Nanowar of Steel (stylised as NanowaR of Steel by the band) is an Italian comedy heavy metal band. Their name is a pun on the metal bands Manowar and Rhapsody of Fire, and represents their tendency to satirize "true metal", the primary focus of their music. Their work mainly aims to make humorous references to and jokes about the genre, often parodying the way in which power metal bands are perceived to take themselves very seriously.

In 2006 the band changed their name from Nanowar to Nanowar of Steel, as a parody of the Italian power metal band Rhapsody changing their name to Rhapsody of Fire after a legal dispute. On their logo, the "of Steel" part was made to look like it was quickly and carelessly scribbled behind the main name as an afterthought.

History 

The 2005 album Other Bands Play, Nanowar Gay! was published on Jamendo under the Creative Commons-BY-NC-SA licence. The 2010 album Into Gay Pride Ride was published on the same platform under the Creative Commons-BY licence.

In April 2012 they released the videoclip for a new single entitled Giorgio Mastrota, which reached over 100,000 views on YouTube in just two weeks (currently over three and a half million).
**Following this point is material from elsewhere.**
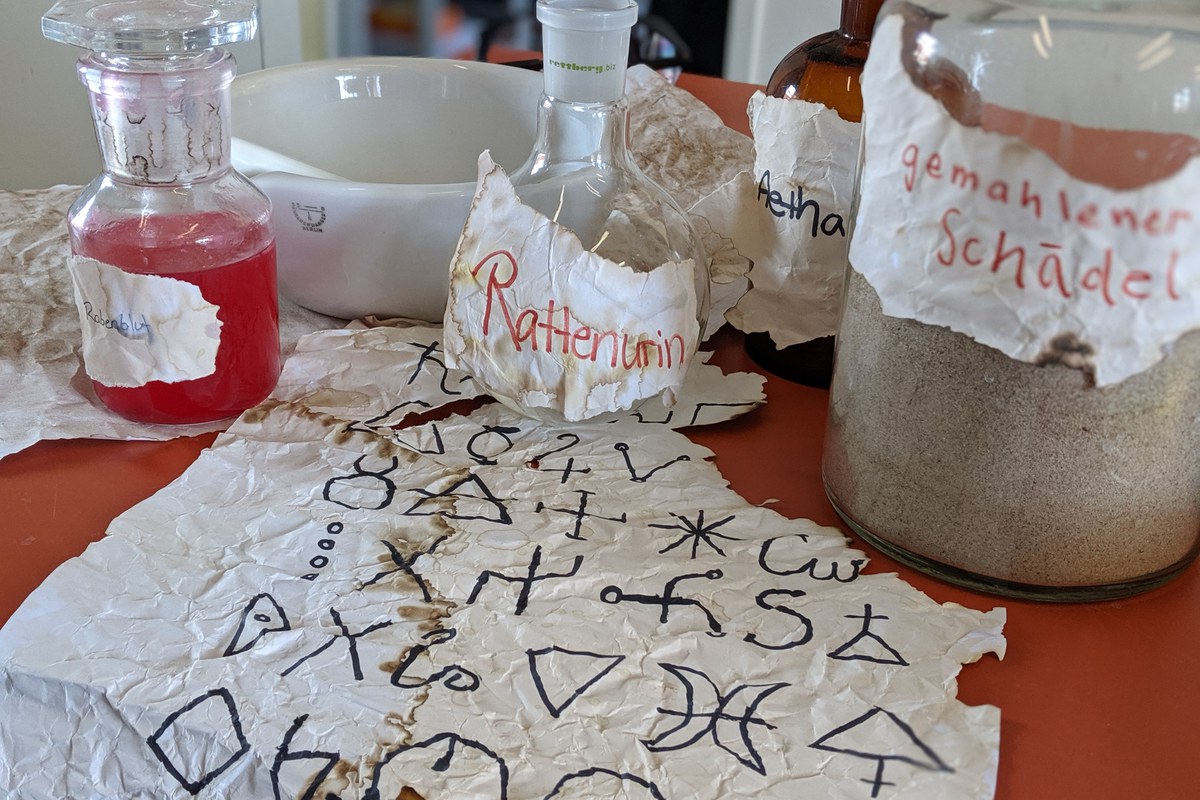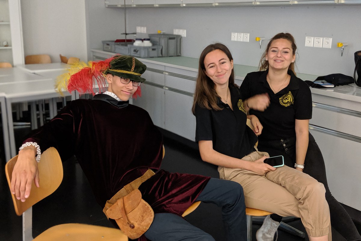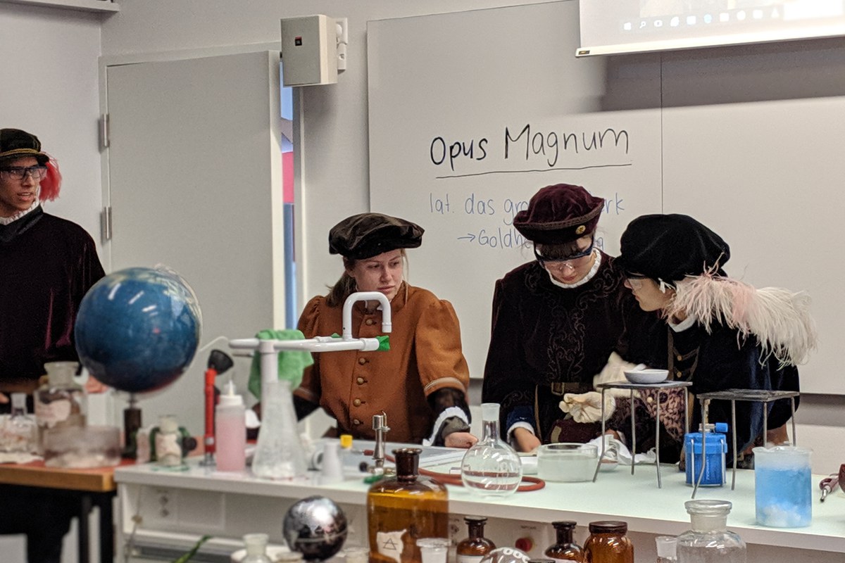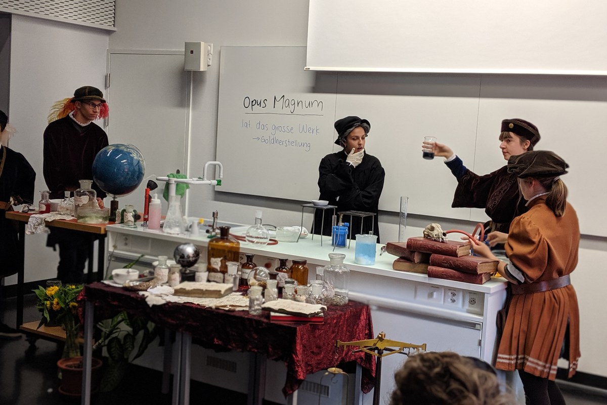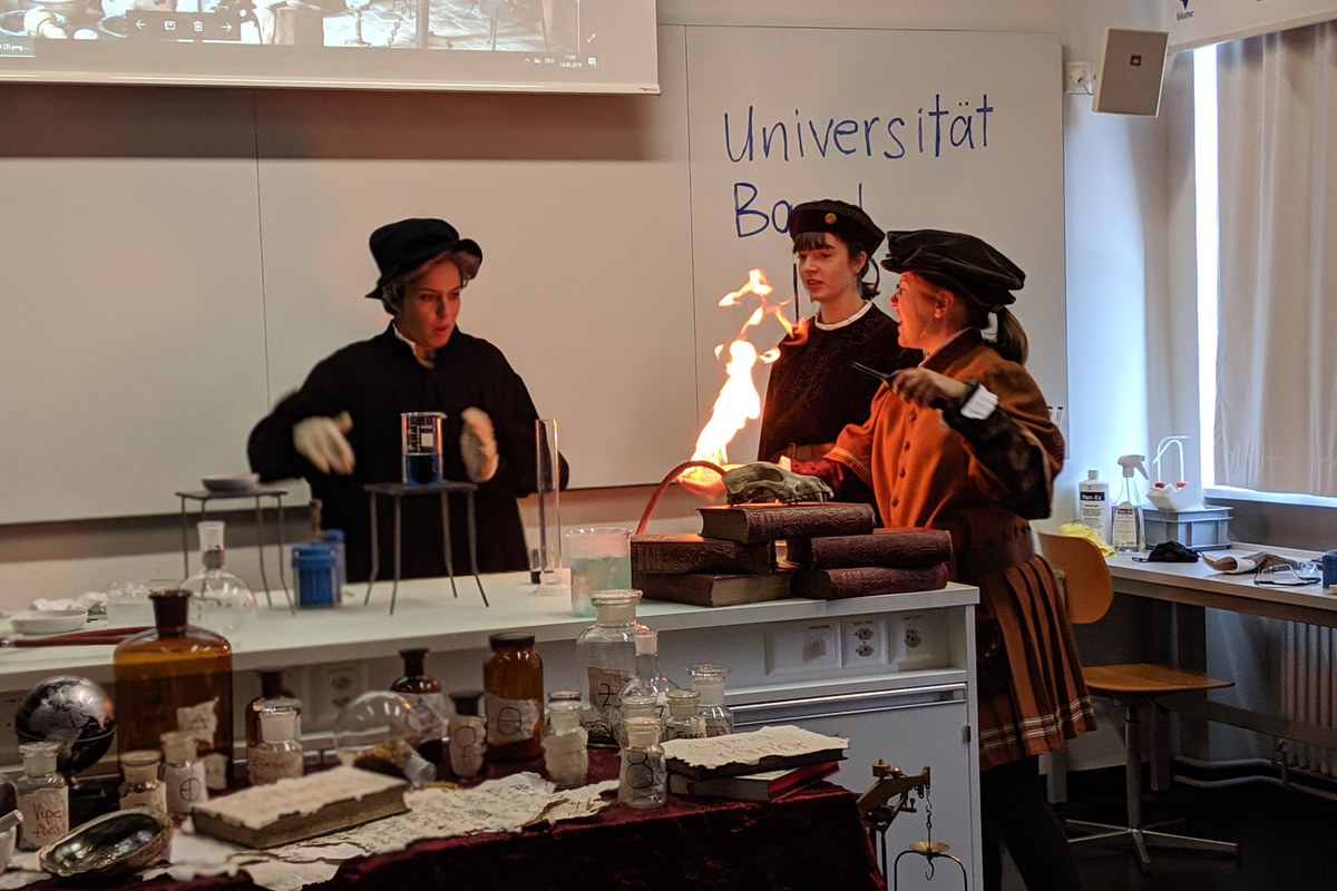 Zum Europäischen Tag des Denkmals "1000 Jahre Gymnasium am Münsterplatz" wurden während einer Projektwoche im Juni 2019 verschiedene Themengebiete szenisch aufgearbeitet. Die Klasse 1B widmete sich dem Thema "Alchemie und Paracelsus". Zur Inspiration diente eine aufschlussreiche, geführte Exkursion ins Pharmaziemuseum der Universität Basel mit Schwerpunkt auf Theophrastus Bombast von Hohenheim, besser bekannt als Paracelsus. Daraufhin erarbeitete die Klasse eine Theaterszene, welche Paracelsus im Diskurs mit seinen Studenten im Jahr 1527 an der Basler Universität darstellt. Während Paracelsus die damals gültige "Krankheitslehre von den Körpersäften" kritisiert und in Frage stellt und somit die Alchemie nutzt, um neue Arzneimittel zu entwickeln, wollen seine Studenten davon nichts wissen, sondern streben lediglich danach, das Opus Magnum zu vollenden und somit Gold herzustellen. Natürlich durfte die entsprechende (AL-)CHEMIE bei diesem spannenden Theaterstück nicht fehlen! Über merkwürdige qualmende Lösungen, welche ihre Farbe wechselten, Silber- und Goldherstellung (?!?) sowie eine Hand, die in Flammen aufging, war alles dabei...

The song became extremely popular in Italy, being broadcast by several radio stations and also appearing on national television on several occasions. In 2013 they started cooperating with Feudalesimo e Liberta’, a well known Italian pseudo-parody political movement which advocates the return of the Empire and Feudal Rights in Europe. They released a music video in August of the same year, which was covered by mainstream newspapers (such as La Repubblica) and echoed through the whole Italian peninsula.

In July 2019 they released the song Norwegian Reggaeton. The video received 800,000 views on YouTube within the first 5 days, and 2.8 million views within the first month and is currently (March 2022) at over 10 million views. The song combines heavy metal and reggaeton and includes the collaboration of Charly Glamour, the singer/frontman of the similarly-themed parody heavy metal Spanish band Gigatron. The group performed Norwegian Reggaeton at Spanish television show Got Talent España; two of the four judges said "no", one of them before the band even started playing, after hearing the words "metal" and "reggaeton". Later the band announced their intention to represent Spain in the Eurovision Song Contest.

In December 2019, they released the song Valhallelujah, a Christmas song combining heavy metal and gospel, dedicated to Odin and IKEA. Angus McFife of Gloryhammer plays the part of Odin.

In May 2020, they released Sneeztem of a Yawn, a song about their lives during the COVID-19 pandemic in South Italy, with scrambled lyrics.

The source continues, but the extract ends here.